Extracted information:
BEGIN
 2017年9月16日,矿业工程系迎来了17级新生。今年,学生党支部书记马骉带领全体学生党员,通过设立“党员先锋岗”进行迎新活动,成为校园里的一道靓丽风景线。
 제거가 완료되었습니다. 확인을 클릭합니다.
END
BEGIN
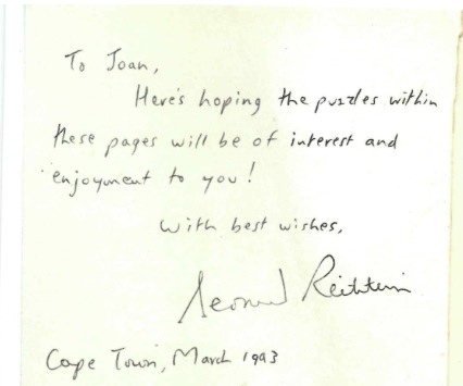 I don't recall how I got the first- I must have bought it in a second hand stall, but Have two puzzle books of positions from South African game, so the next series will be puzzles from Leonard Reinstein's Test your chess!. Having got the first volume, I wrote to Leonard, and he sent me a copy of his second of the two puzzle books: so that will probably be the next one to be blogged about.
END
Exercise: All lines above between those holding "2017年9月16日,矿业工" and "제거가 완료되었습니다. 확인을 클릭합니다.", inclusive, must be set down unchanged, and no other line may be included.

Output for this exercise:
 2017年9月16日,矿业工程系迎来了17级新生。今年,学生党支部书记马骉带领全体学生党员,通过设立“党员先锋岗”进行迎新活动,成为校园里的一道靓丽风景线。
 제거가 완료되었습니다. 확인을 클릭합니다.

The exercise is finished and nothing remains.